Le mercredi 11 avril 2007 09:14, Gert Doering a écrit :
(...)
> For IPv4/NAT you actually need to notify the "firewall thing" of
> desired connections (because it needs to know *which* host on RFC
> space to forward the packets to), but in the model above, the "IPv6
> firewall thing" would actually
>
>  - refuse packets that would be dropped at the host anyway
>  - forward everything that the host would handle, with no idea about
>    the legitimacy of the application (read: it would let through
> connections to trojan backdoors etc. as well, as the OS can't know
> that their listen() request ist "bad")
>
>
> So what am I missing here...?

That's also what I understand.

> [..]
>
> > No such facility is available for IPv6, and that strikes me as very
> > weird.  For a long time, I had assumed that the reason it wasn't
> > there was that we were all expecting that residential IPv6 gateways
> > wouldn't need to break the end-to-end transparency of the network
> > by blocking flows that didn't match application state, and
> > therefore we wouldn't be seeing stateful packet filters at default
> > gateways.
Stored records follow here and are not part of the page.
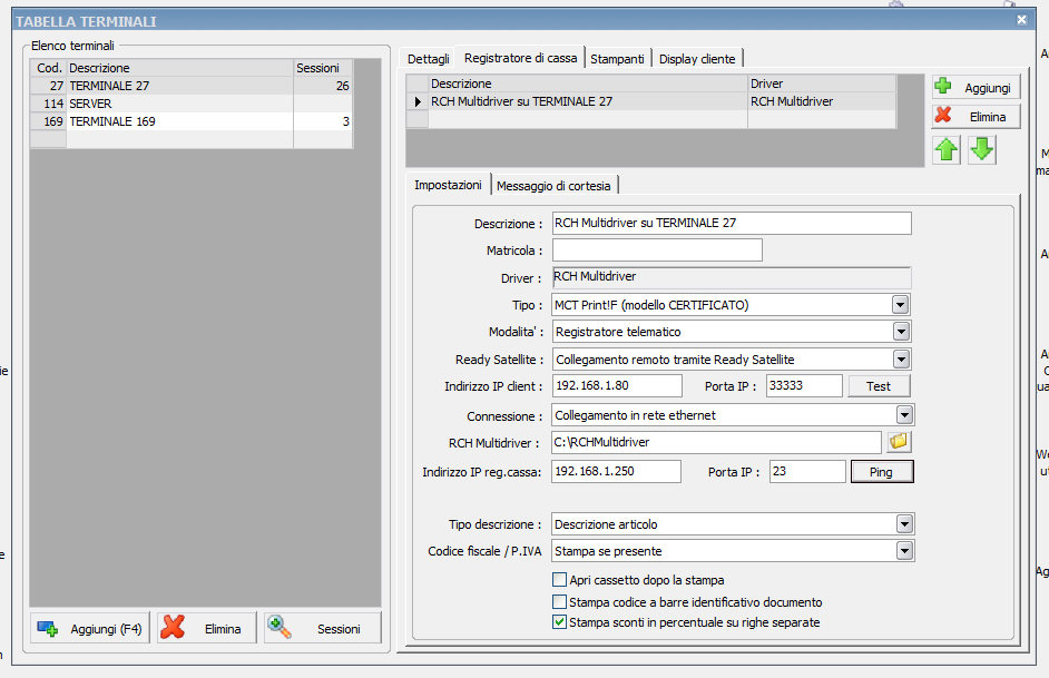 Potrebbe allegare uno screenshot di come e' configurato il registratore di cassa su TAB/TERMINALI? Stampate forse da remoto tramite Ready Satellite?
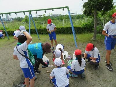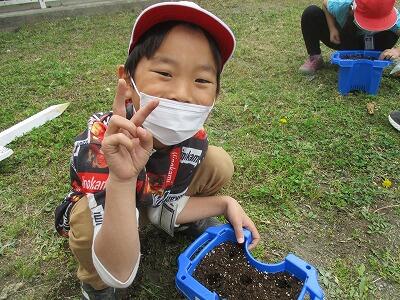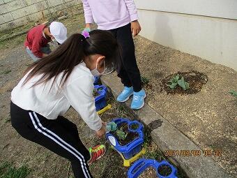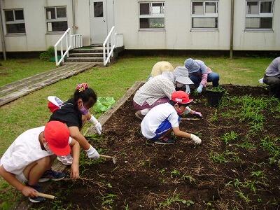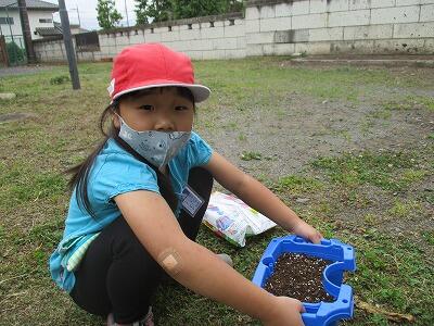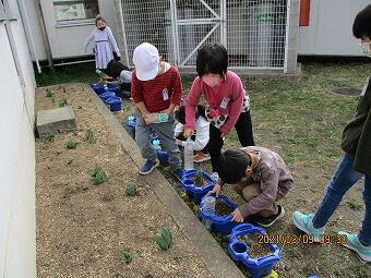 整備していただいた花壇に1年生がアサガオの種をまきました。これから毎日世話をしながら成長を観察していきます。花がたくさん咲くのが楽しみです。
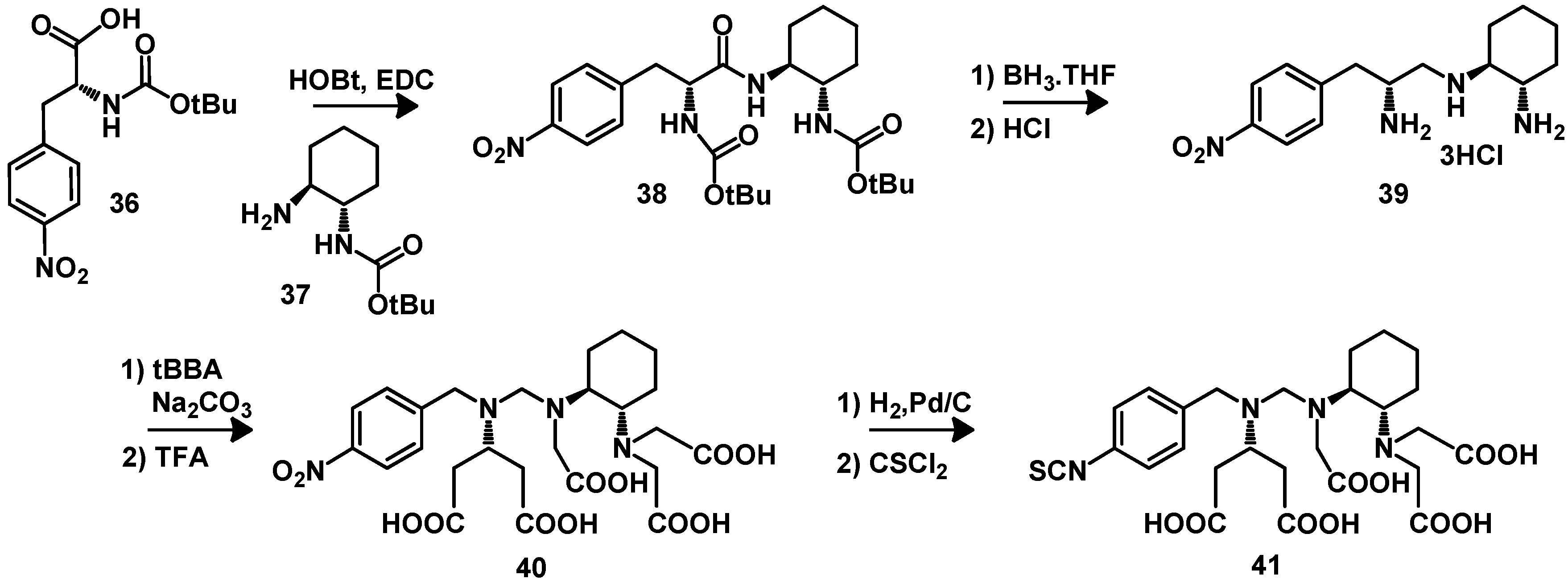 [111In]-DTPA-octreotide (OctreoScan®) is an octreotide derived somatostatin analog known to act as a selective molecular targeting agent for the imaging of neuroendocrine tumors. It has been widely used as imaging agent in single photon emission computer tomography (SPECT). DTPA (diethylenetriaminopentaacetic acid, 27) was first synthesized by Frost [88]. DTPA and its derivatives (Figure 7) can be used for the complexation of radiometals like 111In, 213Bi, 86/90Y, 177Lu, 99mTc, 67/68Ga for nuclear medicine applications and for Gd for MRT applications. The conjugation of DATP using its reactive mixed anhydride [89] or cyclic bisanhydride 32 [90] can lead to undesired conjugates, in particular double substituted DTPA side products [91]. To avoid this drawback, DTPA-tetra(t-Bu ester) (33) or DTPA-tetra(All ester) (34) have been synthesized starting from diethylenetriamine [92,93]. The activation of the free carboxylic group with activation agents like DIC or HBTU allows the defined conjugation with primary amines of proteins or peptides. A major advantage of using 33 is its commercial availability and that it readily reacts in solid phase synthesis reactions. In addition, this BFCA shows a fast labeling kinetic and thus the reaction conditions for radiometallation can be applied for sensitive biomolecules. Unfortunately, in contrast to the radionuclide 111In, most of the commonly applied β-emitters do not form complexes with sufficient kinetic stability for radiotherapy [84]. DTPA derivatives bearing a functional isothiocyanate group like 35 were synthesized to allow selective conjugation of an amino group of a protein under mild reaction conditions. In these conjugates all carboxylic arms are available for coordination to the radiometal. The geometry of the coordination sphere can be optimized by introducing a preorganizing group on the DTPA backbone [94,95,96]. The ligands obtained can be conjugated to biomolecules and form radionuclide complexes with greater kinetic stability in vivo and faster complexation kinetic. These DTPA derivatives are viable alternatives to DOTA for radiometallation of monoclonal antibodies [97,98,99] or for labeling with short half-live isotopes like bismuth-212 and bismuth-213 [97]. CHX-A''-DTPA (41) has to be considered as a suitable BFCA for the radiolabeling of monoclonal antibodies with β-emitters for radioimmunotherapeutical applications. Scheme 1 includes the synthesis of CHX-A''-DTPA. The first FDA-approved therapeutic agent for treatment of patients with lymphoma was ibritumomab tiuxetan (Zevalin®, Cell Therapeutics Inc, Seattle, WA, and Schering AG, Berlin, Germany). It is labeled with 90Y using an acyclic DTPA based BFCA.
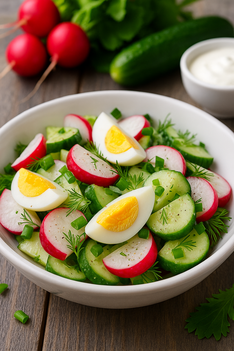 Лёгкий, сочный, витаминный — идеально подойдёт как гарнир к шашлыкам или как самостоятельное блюдо! Ингредиенты: Приготовление: 📌 Совет: Можно добавить немного горчицы или каплю лимонного сока — для пикантности. 🕒 Готово за 10 минут. Отлично сочетается с блюдами на гриле!

Alas, I now realize that was a mistake.  So, why don't we
> > have anything like UPnP IGD and NAT-PMP for IPv6?  They're
> > necessary for IPv4/NAT and we need them in IPv6 for the same
> > reasons.  It seems like we ought to standardize them.
>
> *If* you have a stateful IPv6 filter in the default gateway, and want
> to have it work without manual configuration for incoming
> connections, then indeed, you need something like "PMP IPv6".
>
> OTOH I'm not sure what the benefit of an IPv6 filter in this scenario
> is, if it is auto-deactivated for all interesting traffic anyway...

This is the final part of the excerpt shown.